The national approach is applied by the Italian Competition Authority whenever the effects of a cartel are in Italy.
The bilateral approach refers to some cooperative agreements for example among European Commission and Us and/or Japan. They consist in voluntary exchange of information or in investigation jointly conduct.
Finally, the multilateral approach refers always to voluntary action (more or less formal and integreted) by the Authority.

The relationships between the Commission (European Authority) and the national Authorities are based on the subsidiarity principle. In fact European Athority and National Authority work in parallel and it is very important to have coordination among them. Usually, "the division of labour" depend on where the final effects manifest themselves. However, even if National law can be applied it have to refer always to Art 81 and 82 of TEU whenever the effects are into European member states.
In order to better coordinate the national policies an information network has been established: the European Competition Network (ECN), which represents the main international institutions, together with the International Competition Network (ICN), focused specifically on competition.
In fact, other organizations as the OECD, the WTO, or the UNCTAD, care about competition only indirectly, and don’t have special concerns about it.
The goal of ECN and ICN is to reach soft convergence on competition policy issues, through inclusiveness and openness.
Both of them have the aim to promote cooperation and collaboration among antitrust agenicies all around the world.

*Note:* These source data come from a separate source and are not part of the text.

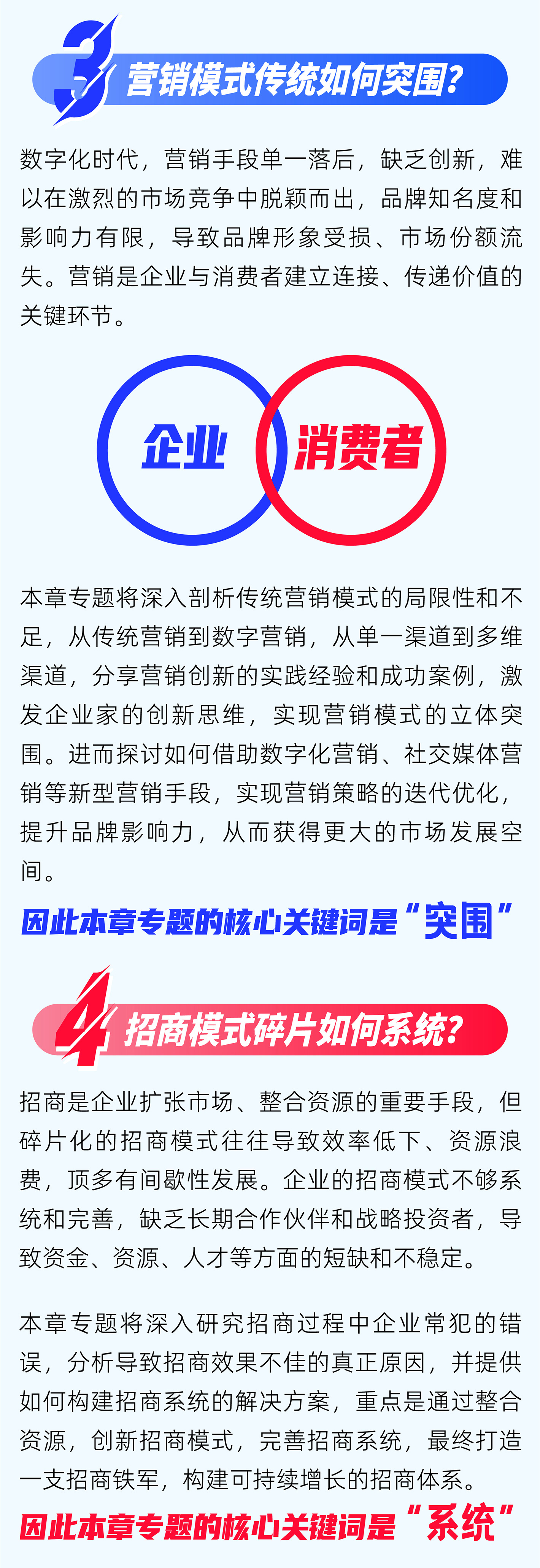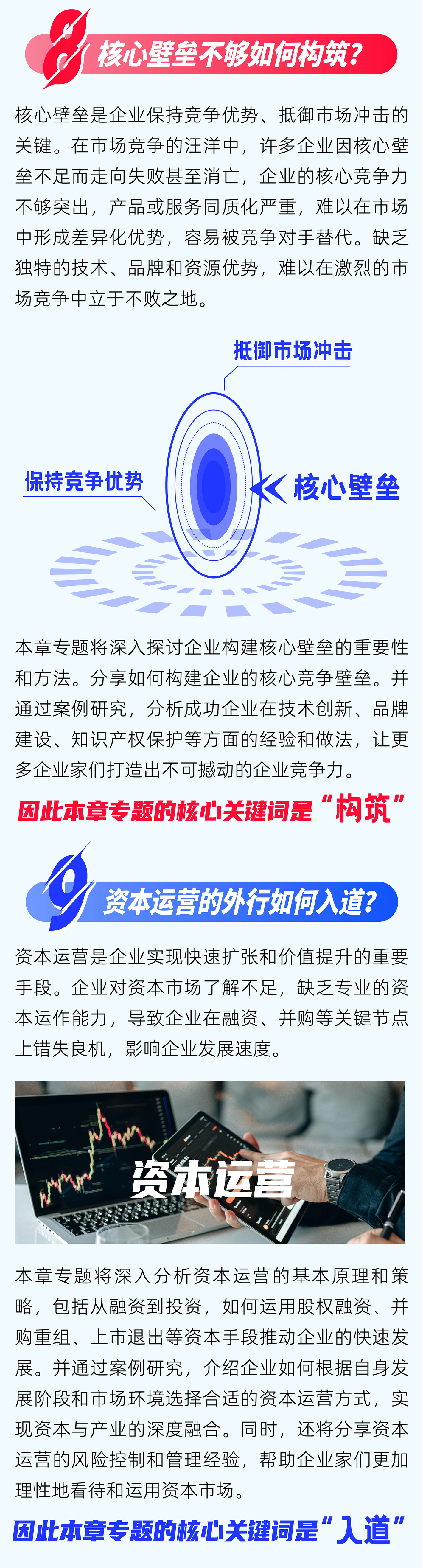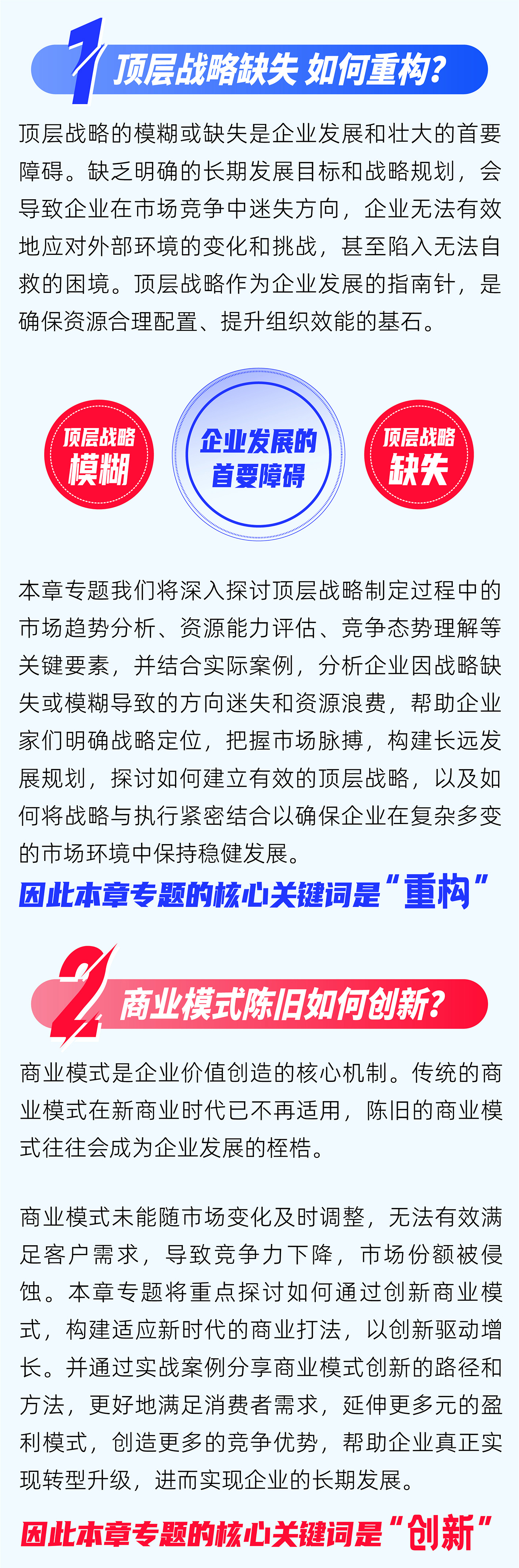 整个系列专题分为九大模块,涵盖了企业在新商业时代中可能遇到的转型升级挑战、创新发展受限、增长突围瓶颈及资本运营短板等众多挑战,并提供了切实可行的解决之道,值得所有企业家朋友们反复咀嚼,进而融会贯通于企业发展的各个阶段。
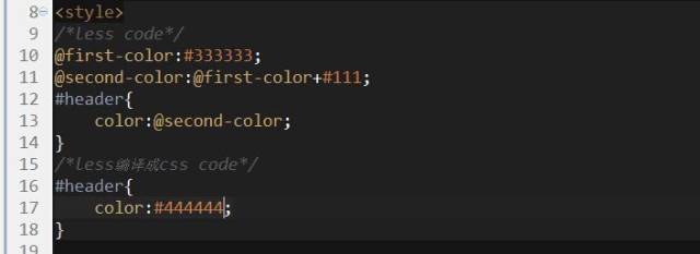 注:在 Less 中的變量實(shí)際上就是一個(gè)“常量”,因?yàn)樗鼈冎荒鼙欢x一次。 上面代碼明顯可以看出后面的@color 覆蓋了前面的@color。
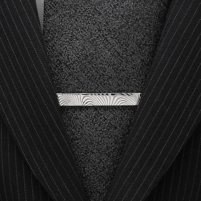 The imprint on this stainless-steel tie clip draws inspiration from traditional Damascus steel, creating a beautiful pattern as unique as its wearer. Featuring a hinged backing for ease of dressing, this elegant piece will immediately become your new favorite accessory. Includes individual gift box.
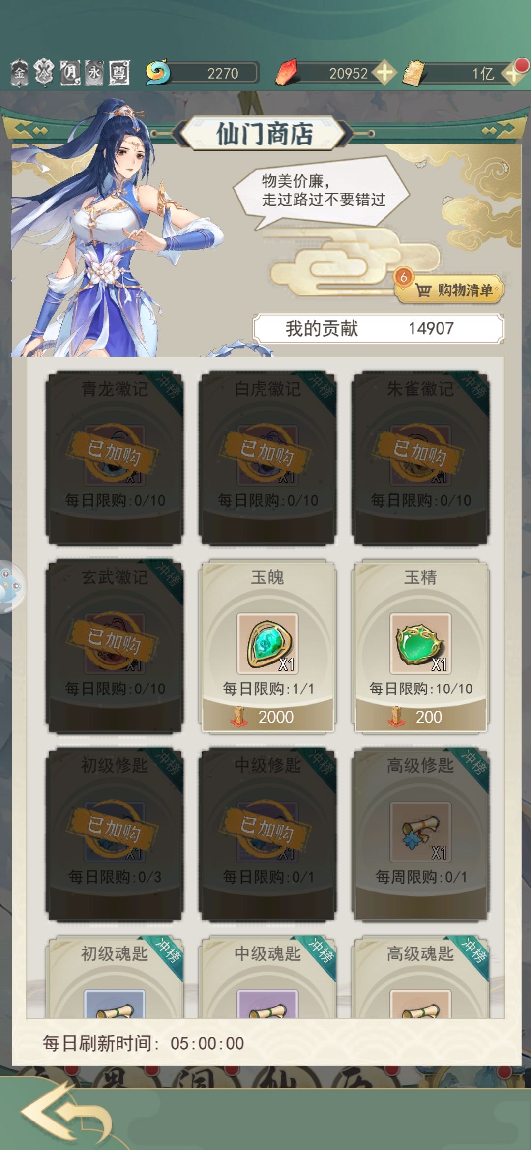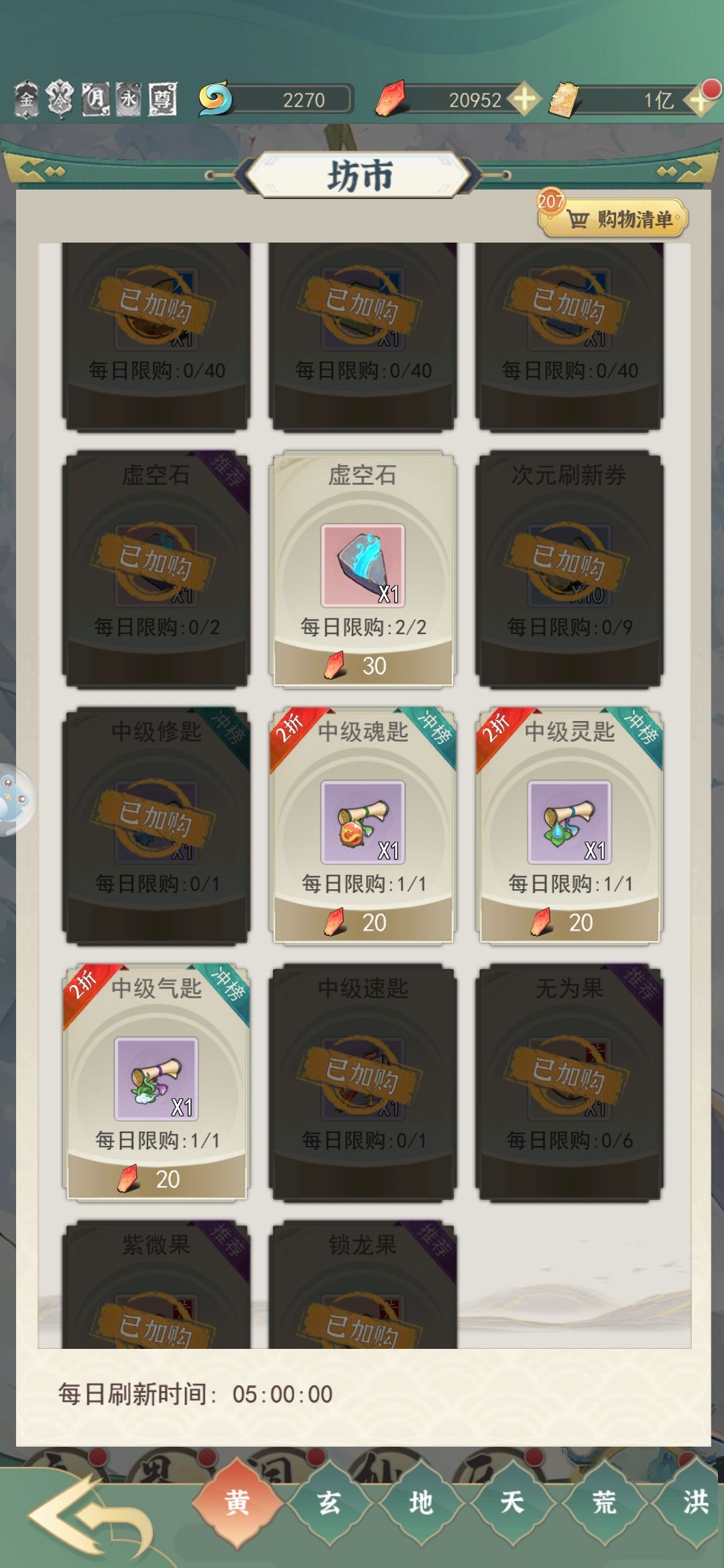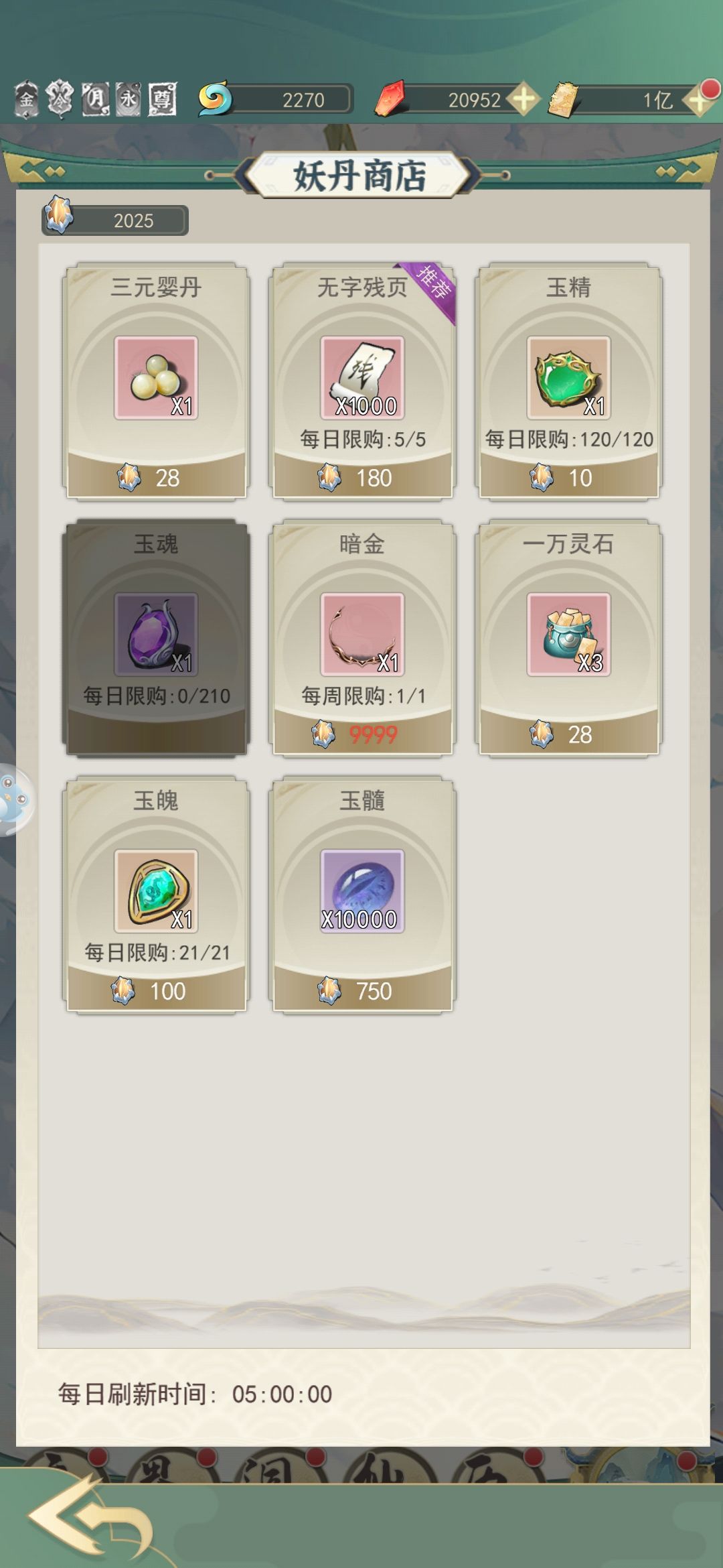 用灵石购买的全都买,虚空石买到上限就可以取消了,各种草药到灵界后也可以取消了,属性丹建议买到上限也接着买,等玉人瓶等级上去了就可以直接吃了。

The European Competition Network

  • ECN aim is to collect information of the general behaviour of all National Authorities and make them available. This could be helpfull for an improvement of a open comunication and cooperation among Authorities of different countries.
  • It is not an institution and it does not have legal personality. For that reason It has not auntonomous power of competencies.
  • It can be seen as a discussion forum about all possible aspects of specif industry interests.
  • One of ECN activities is the possible re-allocation of the case: its pourpose is to make the application of the system more efficient because the cases are in this way "well place".

The International Competition Network

  • It is a network entirely dedicated to competition policy and it is open to all contries even if they have totally different approaches.
  • Its aim consist in reducing the cost of parallel trade and enhance cooperation among antitrust agencies by assessing some general principles that could be shared among countries. The first priciple is the inclusiveness that refers to the fact that there are different agencies from all around the world. The second prinicple is openness, which state that the ICN is open to everybody also to non-governative members ( NGAs)
  • It is an informal network and it is not financed by governament, so for this reason most of the work has be done by email or telephone.
  • It is generally focused on small number of projects each years. In this way the result of its activitiy shoul be: clear, concise and a pragmatic guidance for both developed and developing countries. It also focused on identifying best practices from around the world, rather than protecting existing domestinc system.

Finally, even if ICN is not rule-making body and members have no obbligation to follow ICN practices, in reality this network works very well in many important areas. In fact, it is possibile to say that it can help to built a GLOBAL COMPETITION CULTURE!